Task description: Given the records below, would you repeat exactly the lines that begin at the one containing "On Saturday, September" and end at the one containing "Fazer Ässä Megax", inclusive?

START Data extracts

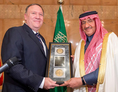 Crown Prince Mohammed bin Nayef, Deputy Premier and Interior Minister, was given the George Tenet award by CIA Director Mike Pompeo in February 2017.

END Data extracts
START Data extracts

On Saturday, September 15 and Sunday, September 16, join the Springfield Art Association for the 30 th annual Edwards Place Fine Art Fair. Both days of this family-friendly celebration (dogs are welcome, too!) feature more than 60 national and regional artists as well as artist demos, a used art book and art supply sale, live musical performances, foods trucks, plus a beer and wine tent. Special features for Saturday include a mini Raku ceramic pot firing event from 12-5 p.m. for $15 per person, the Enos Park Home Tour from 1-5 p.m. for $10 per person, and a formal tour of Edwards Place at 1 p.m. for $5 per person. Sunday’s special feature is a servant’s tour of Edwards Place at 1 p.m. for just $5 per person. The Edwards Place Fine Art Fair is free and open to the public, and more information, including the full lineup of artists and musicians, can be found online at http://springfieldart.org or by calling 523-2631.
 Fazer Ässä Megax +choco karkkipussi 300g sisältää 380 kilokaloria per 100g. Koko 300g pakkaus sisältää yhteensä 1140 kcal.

END Data extracts

Exercise response:
On Saturday, September 15 and Sunday, September 16, join the Springfield Art Association for the 30 th annual Edwards Place Fine Art Fair. Both days of this family-friendly celebration (dogs are welcome, too!) feature more than 60 national and regional artists as well as artist demos, a used art book and art supply sale, live musical performances, foods trucks, plus a beer and wine tent. Special features for Saturday include a mini Raku ceramic pot firing event from 12-5 p.m. for $15 per person, the Enos Park Home Tour from 1-5 p.m. for $10 per person, and a formal tour of Edwards Place at 1 p.m. for $5 per person. Sunday’s special feature is a servant’s tour of Edwards Place at 1 p.m. for just $5 per person. The Edwards Place Fine Art Fair is free and open to the public, and more information, including the full lineup of artists and musicians, can be found online at http://springfieldart.org or by calling 523-2631.
 Fazer Ässä Megax +choco karkkipussi 300g sisältää 380 kilokaloria per 100g. Koko 300g pakkaus sisältää yhteensä 1140 kcal.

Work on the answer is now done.